Além disso, no último dia 14/07/2026, o Congresso Nacional aprovou o PL n.º 3.085/2026, que, dentre outras questões, pretende regulamentar o §2º do art. 105 da CF (chamado filtro de relevância no STJ), a partir da inclusão do art. 1.035-A no CPC, cuja proposta de redação determina que o STJ, em decisão irrecorrível, não conhecerá do REsp quando a questão de direito federal nele versada não for relevante.


Em síntese, a proposta diz que devem ser demonstradas “questões relevantes do ponto de vista econômico, político, social ou jurídico que ultrapassem os interesses subjetivos do processo”. Ainda, essa relevância deverá ser demonstrada em tópico específico e fundamentado, sob pena de inadmissão do recurso.

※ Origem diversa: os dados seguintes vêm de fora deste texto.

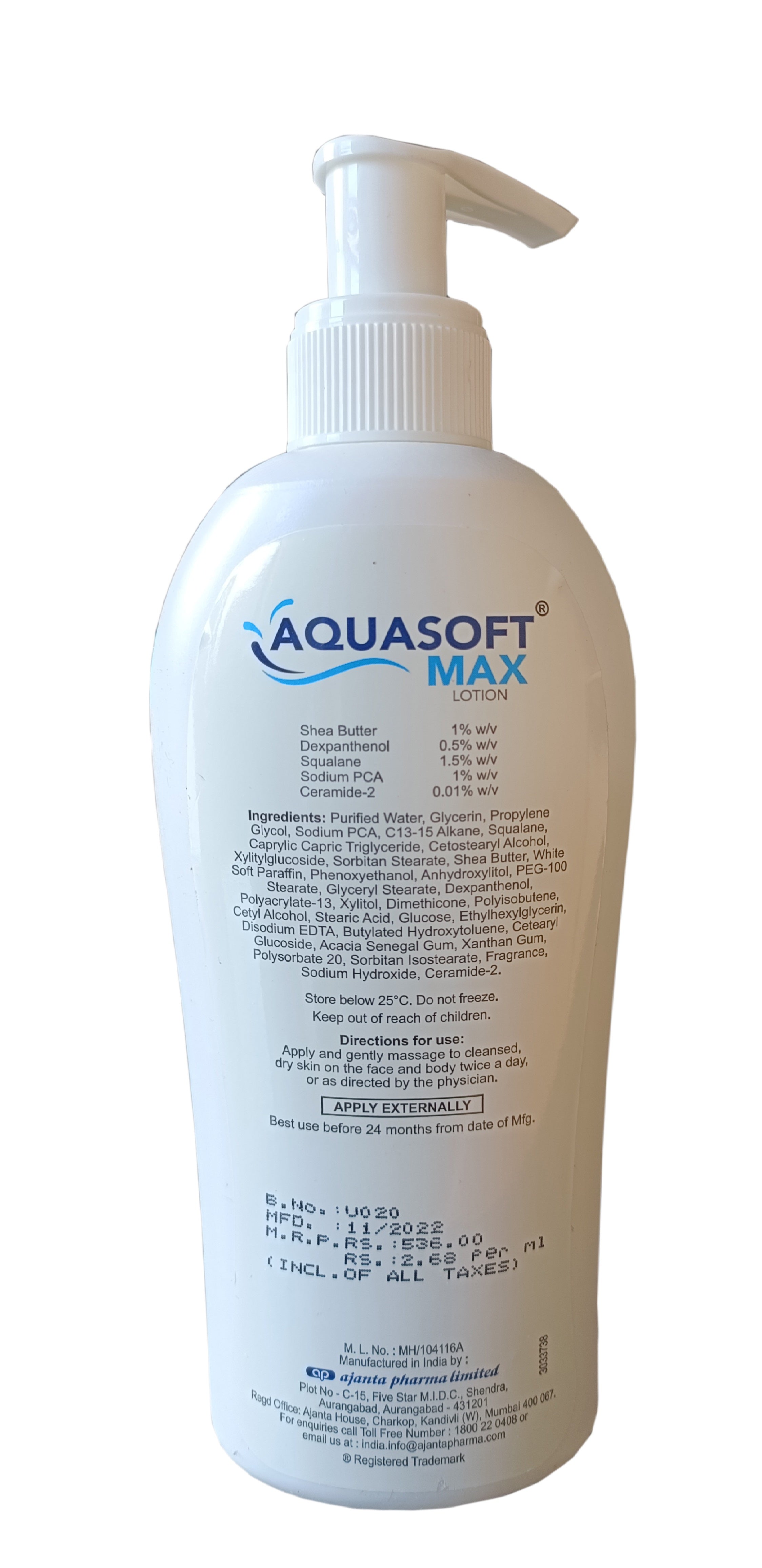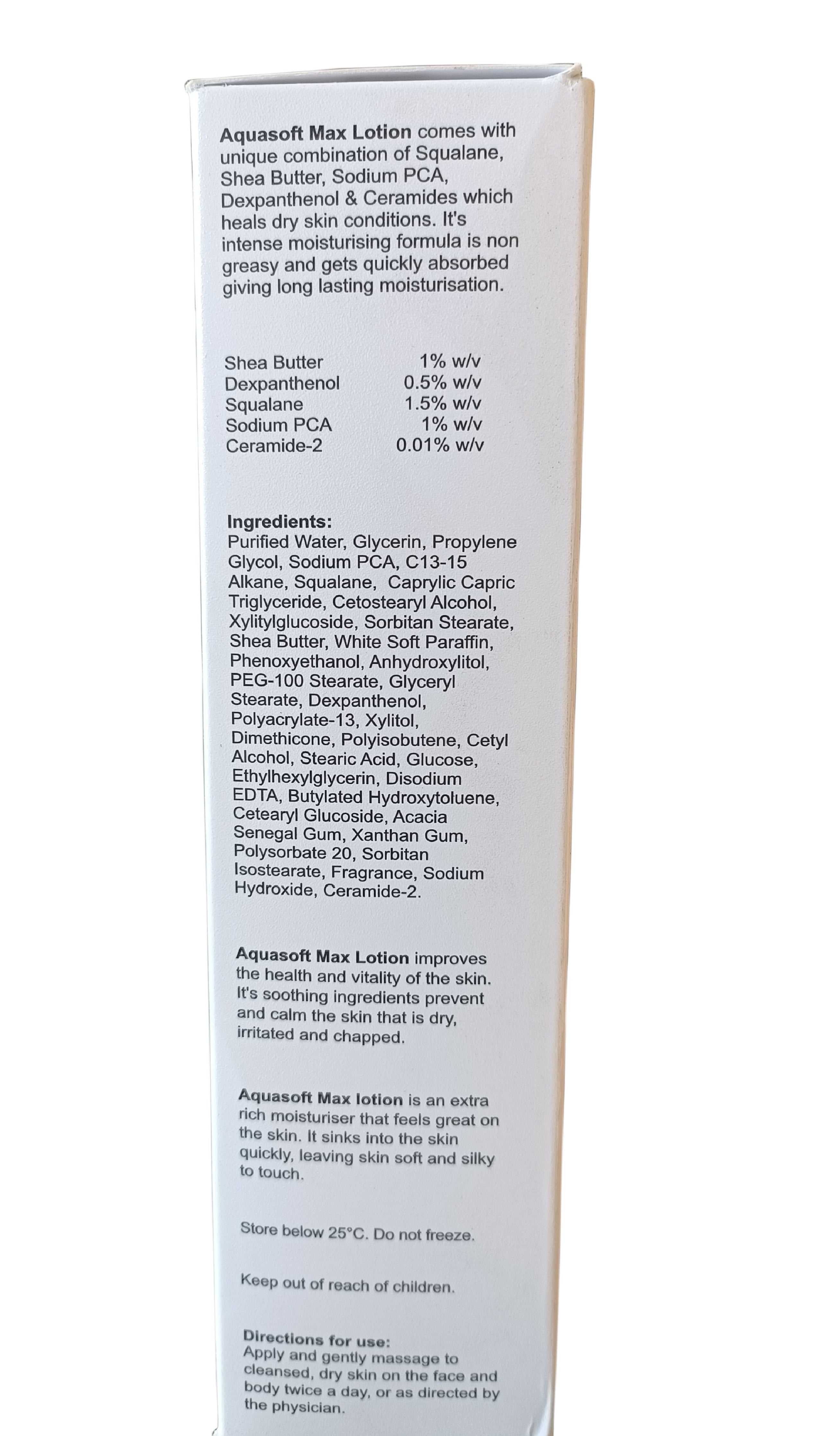 Aquasoft Max Intense Moisturising Lotion is a moisturising lotion with ceramide that aims to provide intense hydration and nourishment to the skin. The lotion is said to make the skin softer, enhance vitality, and improve the overall health of the skin. Aquasoft Max Intense Moisturising Lotion is formulated to combat dryness and relieve dry skin conditions.

Essa alteração legislativa, se efetivada, vai aproximar o Recurso Especial do regime de Repercussão Geral do STF. A tendência é que o STJ deixe de ser uma “terceira instância” de revisão de casos individuais para ser uma Corte de Precedentes, de modo que o foco do recurso deve ser o impacto da tese jurídica para a sociedade, e não apenas o erro na decisão recorrida.


Registra-se que esse PL 3.085/2026 ainda depende de sanção presidencial e, caso ocorra, a exigência do tópico específico de relevância valerá a partir de 30 dias após a publicação da lei.